Aribuabo went to ask food for Juan Quianzon. It was the second or third time that Aribuabo
approached Quianzon with the same purpose whereupon the latter, greatly peeved, took hold of
a firebrand and applied it to the neck of the man who pestered him. Aribuabo ran to the place
where the people were gathered exclaiming that he was wounded and was dying. Raising his
shirt, he showed to those present a wound in his abdomen below the navel. Aribuabo died as
result of this wound on the tenth day after the incident.

In is contended by the defense that even granting that it was the accused who inflicted the
wound which resulted in Aribuabo’s death, he should not be convicted of homicide but only of
serious physical injuries because said wound was not necessarily fatal and the deceased would
have survived it had he not twice removed the drainage which the doctor had place to control or
isolate the infection.

ISSUE:

Whether or not the accused incurred criminal liability to Aribuabo’s death.

RULING:

It does not appear that the patient, in removing the drainage, had acted voluntarily and
with the knowledge that he was performing an act prejudicial to his health, inasmuch as self-
preservation is the strongest instinct in living beings.

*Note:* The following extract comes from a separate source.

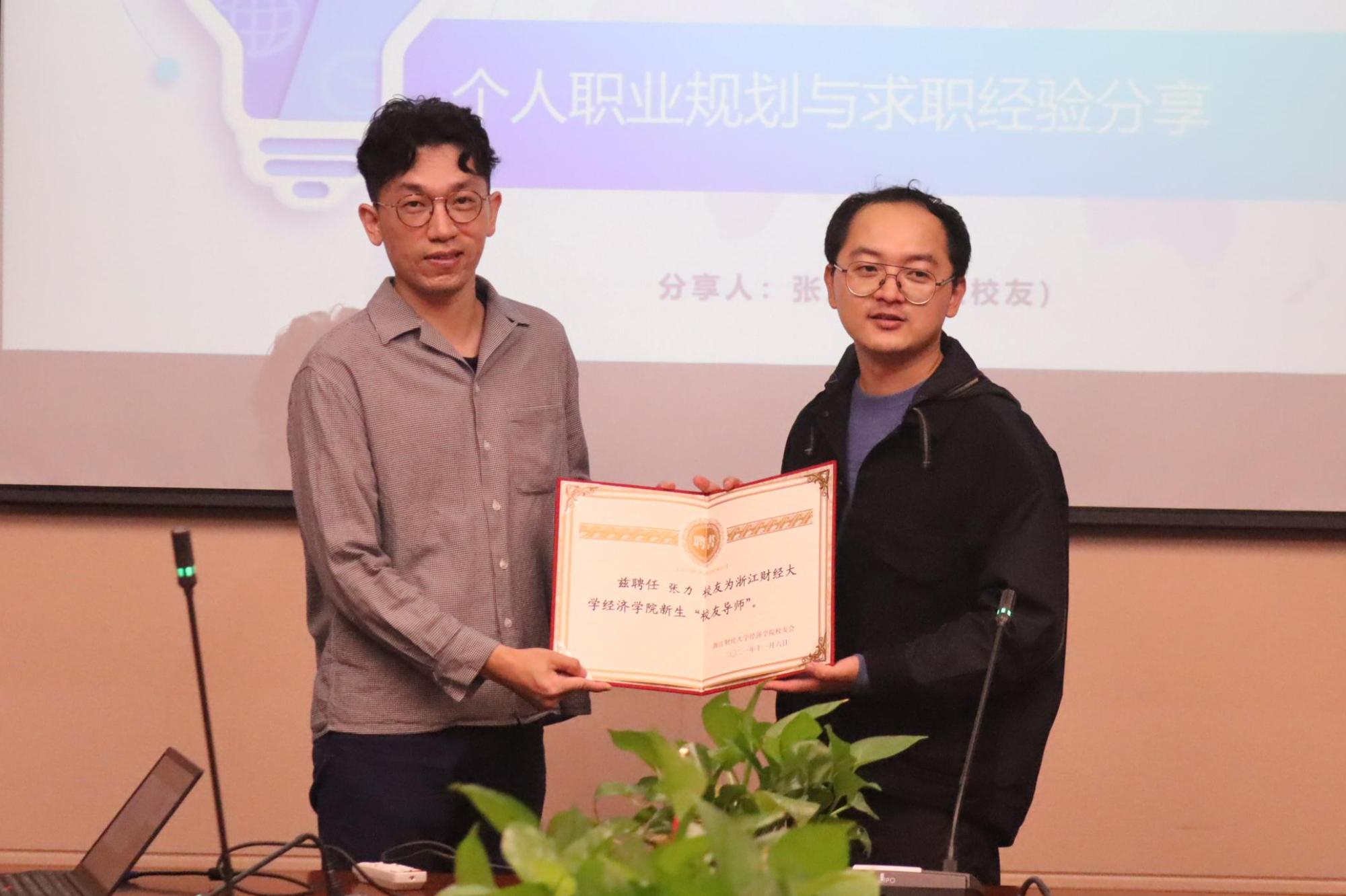 上午10时,本科生“筑梦前行”梦想课堂、研究生“研途起航”梦想课堂、“经创家”创业课堂同时在学院楼举行。毕业后再次回归母校,校友们心情格外激动。周晟佳、卢建雄、钱声绘等9位校友成为了梦想导师、创业导师,他们分享了大学期间、毕业后的奋斗经历,讲述了他们的思考与实践,搭建起了校友与在校生沟通的桥梁。

It must be assumed, therefore, that he
unconsciously did so due to his pathological condition and to his state of nervousness and
restlessness on account of the horrible physical pain caused by the wound, aggravated by the
contact of drainage tube with the inflamed peritoneum. While the courts may have vacillated from
time to time it may be taken to be the settled rule of the common law that one who inflicts an injury
on another will be held responsible for his death, although it may appear that the deceased might
have recovered if he had taken proper care of himself, or submitted to a surgical operation, or
that unskilled or improper treatment aggravated the wound and contributed to the death, or the
death was immediately caused by a surgical operation rendered necessary by the condition of
the wound. The principle on which this rule is founded is one of universal application, and lies at
the foundation of all criminal jurisprudence.

Inasmuch as the mitigating circumstances of lack of instruction and intention to commit so


grave a wrong as that committed should be taken into consideration in favor of the appellant,
without any aggravating circumstance adverse to him.

Quianzon is held criminally liable for the death of Aribuabo.